Kollektif olarak durgunlaşan dünya görüşlerimiz ve dolayısıyla bireysel düşünce süreçlerimizin durma tehlikesi altında olduğumuz anlaşılıyor; dünya görüşleri, sosyal yapılarımız ve ilişkilerimiz gibi gelişmelidir. Sürekli katı inanç, mevcut bilgimizin önceki bilgi kümelerinden daha üstün olduğunu iddia eden ve bilgeliğin yalnızca hatalı değil, aynı zamanda yanıltıcı ve zarar verici olduğunu da belirlemektedir.

Gerekli: Manevi Etkilere Sahip Yeni Bilim

Yeni bilginin düşünme düzenlerimize dahil edilmesi gerekir, böylece yeni bilimin manevi etkileri olacaktır (kuantum bilinçlilik gibi).

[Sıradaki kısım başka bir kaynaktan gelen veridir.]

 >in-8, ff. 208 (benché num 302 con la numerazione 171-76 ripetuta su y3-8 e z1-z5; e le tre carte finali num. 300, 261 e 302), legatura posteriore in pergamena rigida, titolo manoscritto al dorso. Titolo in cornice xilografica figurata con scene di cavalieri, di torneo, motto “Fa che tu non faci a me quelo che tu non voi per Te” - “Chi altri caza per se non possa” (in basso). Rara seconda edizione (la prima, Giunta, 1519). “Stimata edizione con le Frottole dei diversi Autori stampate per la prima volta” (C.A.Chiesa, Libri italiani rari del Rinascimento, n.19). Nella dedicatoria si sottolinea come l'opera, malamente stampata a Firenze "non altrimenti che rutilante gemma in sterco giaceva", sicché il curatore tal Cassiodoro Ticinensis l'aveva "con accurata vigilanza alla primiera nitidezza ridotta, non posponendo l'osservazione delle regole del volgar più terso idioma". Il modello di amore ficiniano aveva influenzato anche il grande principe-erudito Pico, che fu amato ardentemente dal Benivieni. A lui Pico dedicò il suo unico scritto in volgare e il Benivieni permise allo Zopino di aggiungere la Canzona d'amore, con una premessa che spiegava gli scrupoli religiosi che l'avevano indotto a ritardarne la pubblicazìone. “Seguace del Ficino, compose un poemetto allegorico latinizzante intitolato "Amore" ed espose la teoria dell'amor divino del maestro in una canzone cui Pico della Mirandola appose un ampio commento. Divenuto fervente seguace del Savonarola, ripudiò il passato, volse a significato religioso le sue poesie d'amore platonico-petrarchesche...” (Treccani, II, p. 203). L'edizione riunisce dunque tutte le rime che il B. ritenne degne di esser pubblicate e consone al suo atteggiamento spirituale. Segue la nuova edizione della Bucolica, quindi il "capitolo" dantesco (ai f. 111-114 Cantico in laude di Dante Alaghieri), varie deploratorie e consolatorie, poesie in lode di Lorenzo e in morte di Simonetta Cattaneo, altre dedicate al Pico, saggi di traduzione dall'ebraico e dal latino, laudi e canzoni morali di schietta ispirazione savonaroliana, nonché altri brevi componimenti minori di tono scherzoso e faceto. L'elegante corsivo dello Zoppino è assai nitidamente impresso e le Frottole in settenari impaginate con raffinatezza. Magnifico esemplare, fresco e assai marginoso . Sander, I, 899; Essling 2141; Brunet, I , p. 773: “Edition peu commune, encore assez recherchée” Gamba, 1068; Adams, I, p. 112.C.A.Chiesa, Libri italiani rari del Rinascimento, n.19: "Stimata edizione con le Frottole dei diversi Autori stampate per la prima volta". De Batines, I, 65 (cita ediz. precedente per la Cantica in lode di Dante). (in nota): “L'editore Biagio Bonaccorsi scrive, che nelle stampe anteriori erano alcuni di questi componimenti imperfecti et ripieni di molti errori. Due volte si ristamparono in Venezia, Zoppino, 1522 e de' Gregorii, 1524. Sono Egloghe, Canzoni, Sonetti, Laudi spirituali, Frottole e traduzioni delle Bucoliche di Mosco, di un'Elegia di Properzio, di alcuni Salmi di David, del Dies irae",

Örneğin, enerji alanlarının doğası ve işlevi ve elektromanyetik dalgalar ve dalgalanmaların yaşamları ve bu gezegeni nasıl büyük ölçüde etkilediğiyle ilgili artan bilgi birikimi sorunları farklı bir bakış açısına sokmaya başlayacaktır.

Daha sonra, Dünya'nın elektromanyetik enerjiyi su ve hava hareketi gibi doğal akışlar yoluyla taşıdığını ve ilettiğini ve Dünya'nın bazı bölgelerinin pozitif olarak yüklenirken bazı bölgelerin pozitif olarak yüklendiğini anlayacağız. Bu daha sonra bize Dünya'nın hava düzenlerinin pozitif / negatif elektromanyetik akımların çekiciliğine ve akışına nasıl bağlı olduğunu gösterecektir. Bundan, mevcut teknolojilerimizin bir kısmının ve aslında askeri silahlarımızın bu dengeyi etkilediğini öğreneceğiz.

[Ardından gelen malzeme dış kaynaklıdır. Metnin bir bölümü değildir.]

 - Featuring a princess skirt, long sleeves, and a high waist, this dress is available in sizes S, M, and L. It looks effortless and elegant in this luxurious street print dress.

Dünyanın enerji şebekesi ve çizgileri ve ızgaraların gezegenin yüzeyini etkilediği jeomanyetik özellikler bilgisi, yakın gelecekte alternatif bilimin saçaklarından (ana akım tarafından düşünüldüğü) önemli bir bilime geçmek zorundadır. . Daha sonra, kasırgalar ve depremler gibi doğal olayların hareketlerinde gelişigüzel olmadıklarını, manyetik akışlara ve / veya rahatsızlıklara bağlı olduklarını fark edebiliriz. Bu tür doğa güçlerinin devamsız cehaleti büyük bir maliyetle karşılanacaktır.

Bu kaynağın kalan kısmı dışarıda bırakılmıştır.